'The Refuge Collection, Heaven to Some...' and 'The Refuge Collection, ...Hell to Others!'
- First editions
- The Refuge Collection, Heaven to Some - Hell to Others. Two Printed books. Six volumes of six stories in each volume.
- Edited by: Steve Dillon
- Illustrator: Eric Gross, Chris Roberts, Shane K Ryan, Will Jacques, Simon Sayce, Matty Taylor, Edward Miller, Steve Dillon, Greg Chapman, Brian Craddock
- Country: Australia
- Language: English
- Discipline: Horror, Supernatural Thriller, Dystopian Future, Psychological horror
- Publisher: Oz Horror Con
- Published: 2016 and 2017
- Media type: Hardcover and Softback print, eBook
- Website: http://www.refugecollection.com/

= The Refuge Collection =

The Refuge Collection is an anthology of inter-related stories by various authors published online from 2015–2016 and in print. The first book, The Refuge Collection, Heaven to Some... (2016) contained the first 18 tales and a poem, and was printed in full colour as both hardback and softcover editions. The second book, The Refuge Collection... Hell to Others! contains the next 18 tales from Refuge and brings the series to a conclusion, it seems.
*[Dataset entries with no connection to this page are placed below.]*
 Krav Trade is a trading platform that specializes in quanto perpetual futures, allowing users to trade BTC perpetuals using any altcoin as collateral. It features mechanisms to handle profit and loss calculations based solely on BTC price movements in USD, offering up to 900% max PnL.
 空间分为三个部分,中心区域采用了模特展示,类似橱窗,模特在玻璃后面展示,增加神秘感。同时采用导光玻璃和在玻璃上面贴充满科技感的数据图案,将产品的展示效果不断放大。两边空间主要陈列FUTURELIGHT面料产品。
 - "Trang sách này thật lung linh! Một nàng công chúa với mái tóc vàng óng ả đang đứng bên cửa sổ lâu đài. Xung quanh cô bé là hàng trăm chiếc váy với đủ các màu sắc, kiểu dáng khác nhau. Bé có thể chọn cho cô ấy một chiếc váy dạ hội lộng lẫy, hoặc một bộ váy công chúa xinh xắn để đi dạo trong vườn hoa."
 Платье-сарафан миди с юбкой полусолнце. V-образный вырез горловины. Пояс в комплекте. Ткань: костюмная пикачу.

All these tales are set in a shared-universe environment in the fictional (dystopian) town of Refuge, as conceived in 2015 by British-Australian writer Steve Dillon. Although published in Australia, with a contingent of Australian horror writers and artists, there are contributors from America, Australia, New Zealand, the UK and Europe. Renowned British horror author Ramsey Campbell's short story Again was specially adapted for Refuge and is included in the collection. Campbell is an ardent supporter of the project and the back cover includes a plea from Campbell to support the project.

The Refuge Collection project has raised funds for charities in support of refugees, with all profits going to Sanctuary Australia Foundation and Refugee Action UK.
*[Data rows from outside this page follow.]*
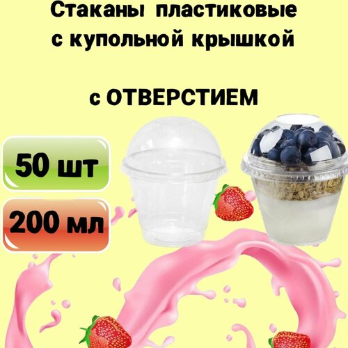 Стаканы одноразовые пластиковые с купольной крышкой с отверстием, 200мл 50шт, для коктейлей, десертов, смузи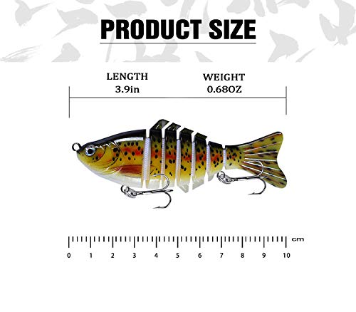 【Widely Fishing Species】This bass fishing lure can be widely used to catch bass, yellow perch, walleye, pike, muskie, roach, trout, snook. salmon etc. This swimbait is quite suitable for both saltwater and freshwater and functions well in all water layers.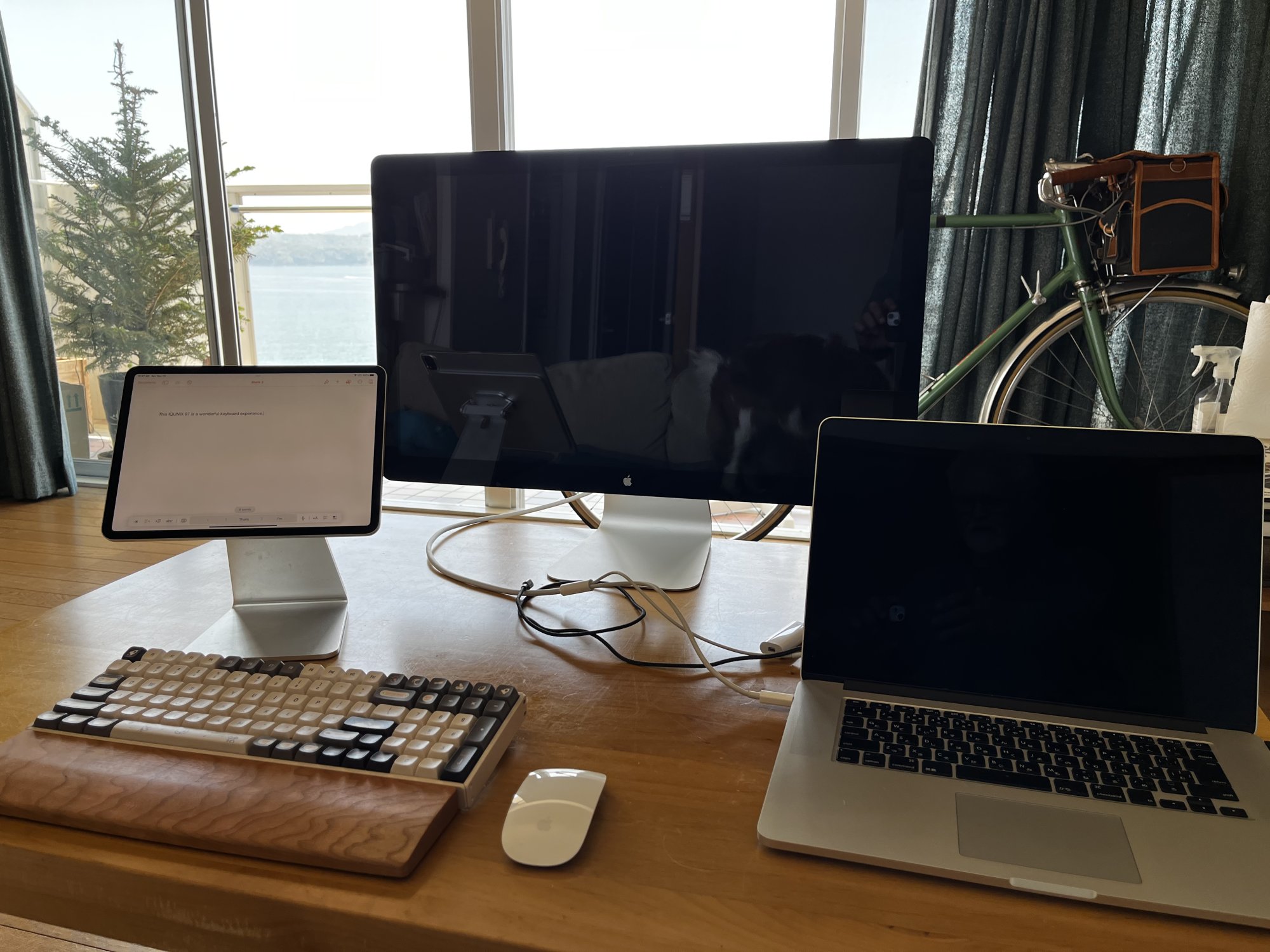 A mix of old and newer. MBP 2015 15” 16/1Tb, iPad Pro M1 512Gb, APPLE Thunderbolt Display 2015 (connected to iPad with APPLE TB2-TB3 adapter or to the MBP with dual change/data display connector), IQUNIX F97 ‘Hitchhiker’ mechanical keyboard, APPLE Magic Mouse 2. For portability and desktop use.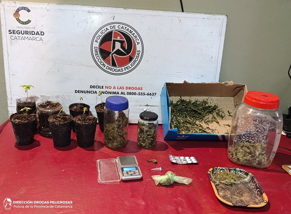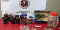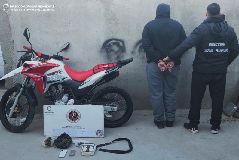 Al irrumpir en las viviendas, los policías secuestraron una sustancia herbácea compuesta por hojas, flores y tallos, que al ser sometida a la prueba de campo correspondiente arrojó resultado que se trataría de unos 420 Grs., de Marihuana, como así también hicieron propio con semillas de la variedad cannabis sativa, un blíster con siete comprimidos de Alprazolam 2 Mg., siete plantines de la variedad cannabis sativa, una balanza de precisión, una balanza digital, un teléfono celular iPhone 13 y una motocicleta Honda Rally 300 cc., de colores rojo y blanco.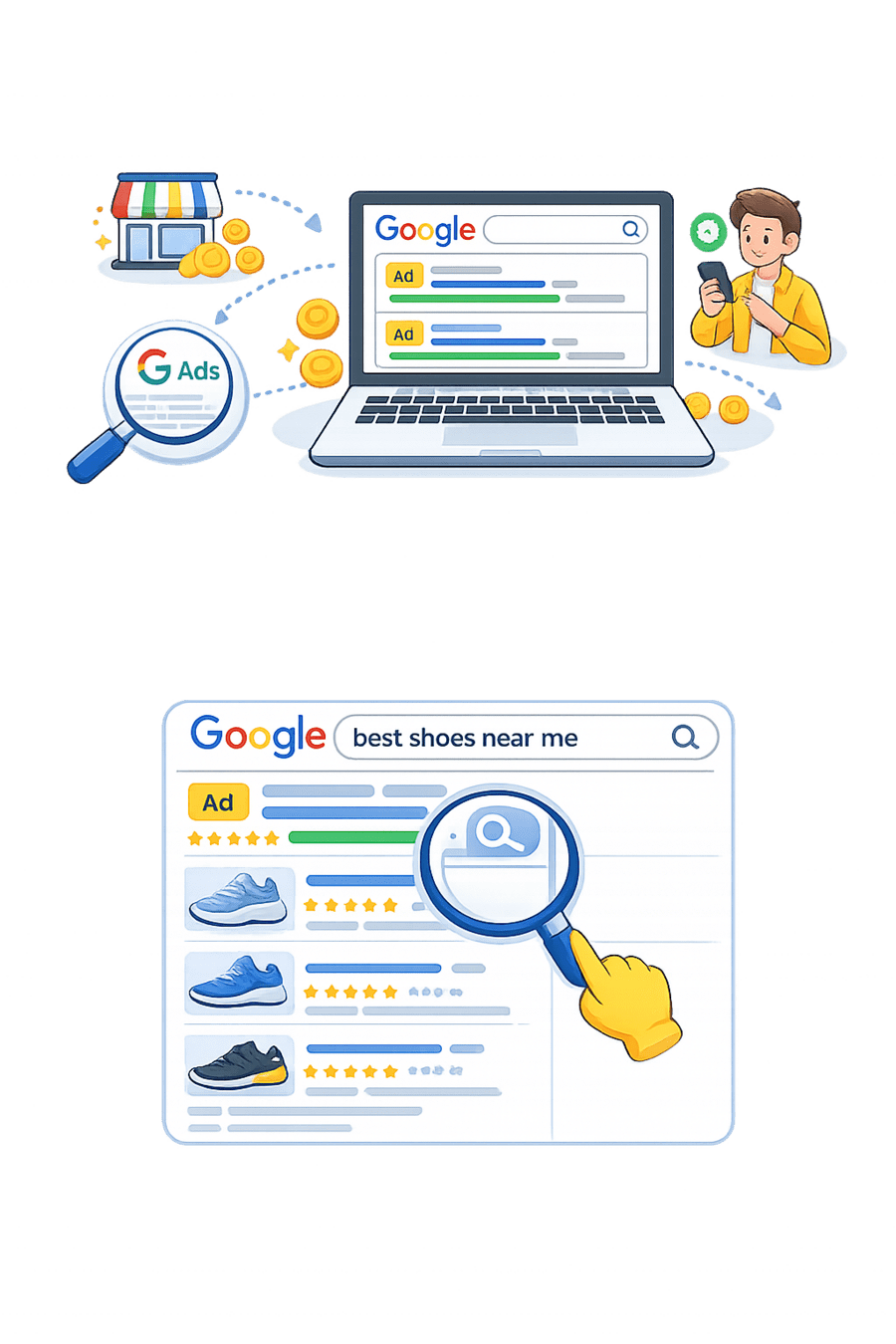 If you search “best shoes near me”, the top results marked “Ad” are from Google Ads

The stories in the collection are primarily horror/thriller in orientation, with various styles and sub-genres of writing represented. Paul Kane's The PI's Tale is written in a noir-detective thriller style. The stories can mostly be read as standalone, especially the earlier tales, with the notable exception of Dillon's own six-part The Empath's Tale and The Priest's Tale (co-written with David Allen). As a shared world, the characters, events and places are re-used by several of the authors to reveal an overarching plot.

The Refuge Collection explores themes such as corruption, ambition, survival and loss. More importantly, the authors are encouraged to highlight themes central to the plight of refugees: isolation, displacement, confusion, family trauma, upheaval, bigotry, racism, end exclusion.
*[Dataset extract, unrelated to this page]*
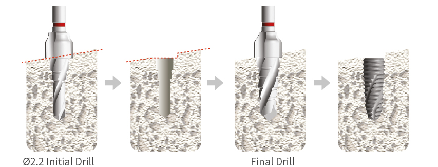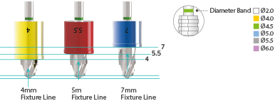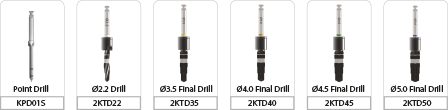 - Ø5.0 fixture: a series of point drill, Ø2.2 Initial drill, Ø4.0 final drill and Ø5.0 final drill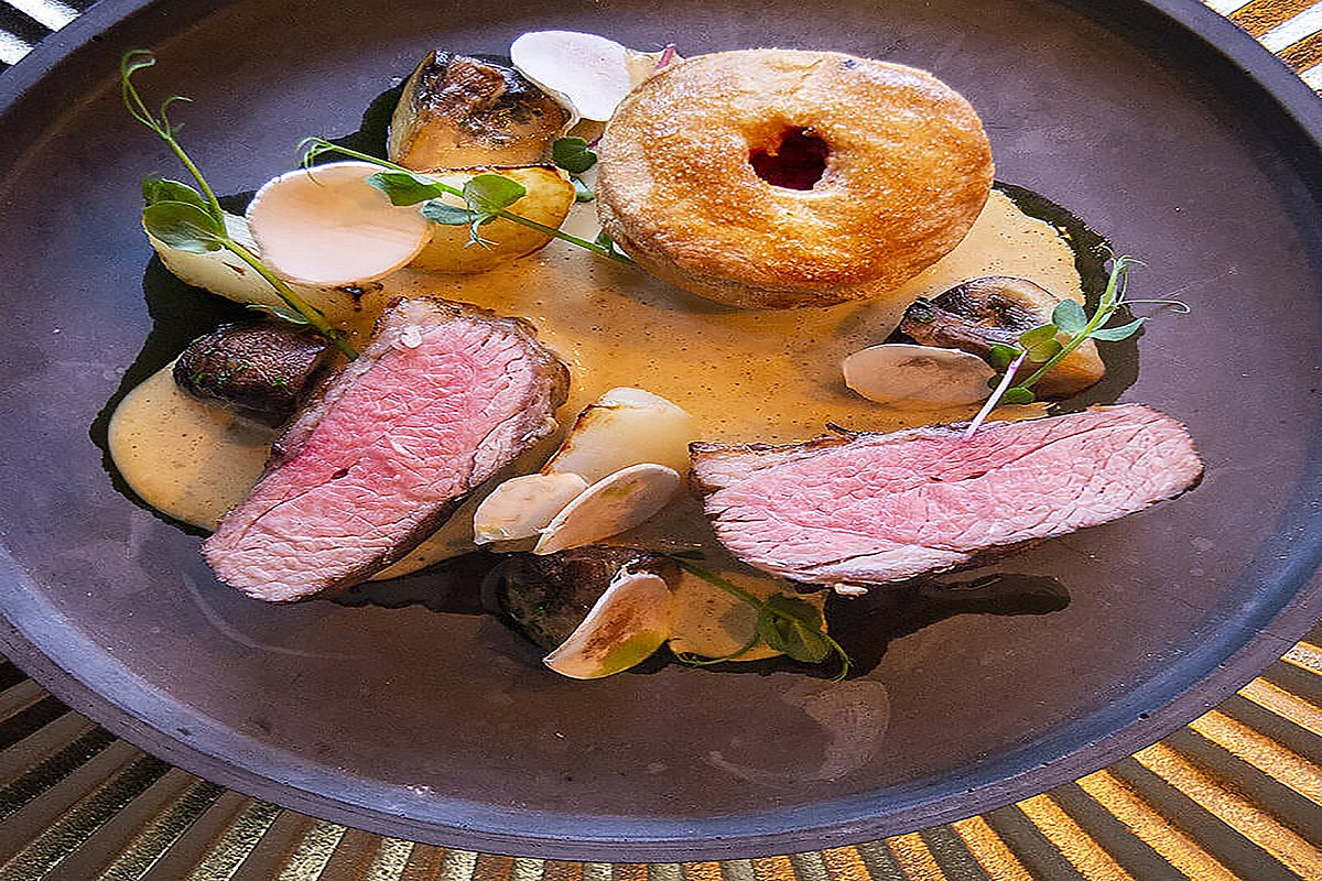 Že Svatek zdaleka neztratil tah na branku ani sílu ve zvěřině, potvrzuje v Illusonu třeba už „pouhý“ předkrm - hřbet z jelena s marinovanými houbami, šalotkami a rebarborou.

Dillon has said of the project: "As with any diverse society, our Refugeans have not only brought their beliefs with them, but also their gods, and their demons".

== Main characters ==
- Joe Dolan (empath)
- Frank Dolan (Joe Dolan's brother)
- Mayor Eduardo Emeritas
- Father Millar (aka Vasagnatius, son of Vassago)
- Father Mandy (priest)
- DC Roger Dickson
- DC Dick Garrett
- Sarah van Houden (aka the Angel of Refuge)
- Martin "Bruiser" Hayseed (aka Big Marty)
- Eddie Little (aka Mahmoud El-Amin)
- Edmund DeLaq (attorney)
- Harry (Senior worker in the Refuge Cannery, one of the Marsh-folk)
- Sophia (prostitute and transvestite)
- Darren Marsh (Appears in several stories, it would spoil it to say more)
- Whitney (a thief)
- Shauna Clarke (in hiding from an abusive boyfriend)
- Juniper B. Kalahari (The cruciverbalist and crossword creator at the Refuge Reporter)
- Walter Kadinsky (newspaper photographer at The Refuge Reporter)
- Tolani Adadeyu (Overseas fight manager and slave trader)
- Barbara Anniston ('Just' a housewife...?)
- Albert Anniston (Barbara's abusive husband)
- Tori Orchard (Sarah van Houden's cousin)
- O'Donnelly (owner of The Blue Frog Tavern)
- Pyotr Vasilyev (bodyguard; aka The Vigil)
- Tanner
- Eyob Debela (chief mortician)
- Salty Donnchad (sailor)
- Tino Chatara (warrior)
- Hamilton Utseya (general)
- Tendai (warrior)
- Erik Laframboise
- Skeeter Abacus
- Morris Ash (an assassin)
- Ezriel (a gargoyle)
- Vassago (a demon)
- Tally (a phoenix)
- Klahan (a fighter, keen swimmer and a survivor)
- Fiona (aka Fee Fee L'Amour, Charles's ex-wife)
- Perry Johanssen (A walker)
- Charles (Perry's partner)
- Elspet (Joe Dolan's wife, already kidnapped when the first story opens)
- Amy (Joe Dolan and Elspet's baby)
- Samuel Spencer (street artist)
- Frederick (Roberto's partner)
- Roberto (Frederick's partner)
- Alicia (Roberto and Frederick's neighbour)
- Bryant May (Part-time worker at The Blue Frog Tavern, and a keen walker)
- Daniel Dodd/Mitch Straddler (Two personalities in one head)
- A strange boy, who seems to appear at pivotal moments in Dillon's stories, taking notes, providing advice and, reminiscent of the ghosts in Dickens's 'A Christmas Carol', reveals to Joe Dolan something of Refuge's past, present, and future.

== Settings ==
The stories are primarily set in the fictional town of Refuge, whose street layout and geography somewhat reflects the capital city of Australia, Canberra. Other places that are mentioned or featured are Causeway (a recreational township set atop a tor), the sea of Phantasos, and a stretch of road called The Razorback.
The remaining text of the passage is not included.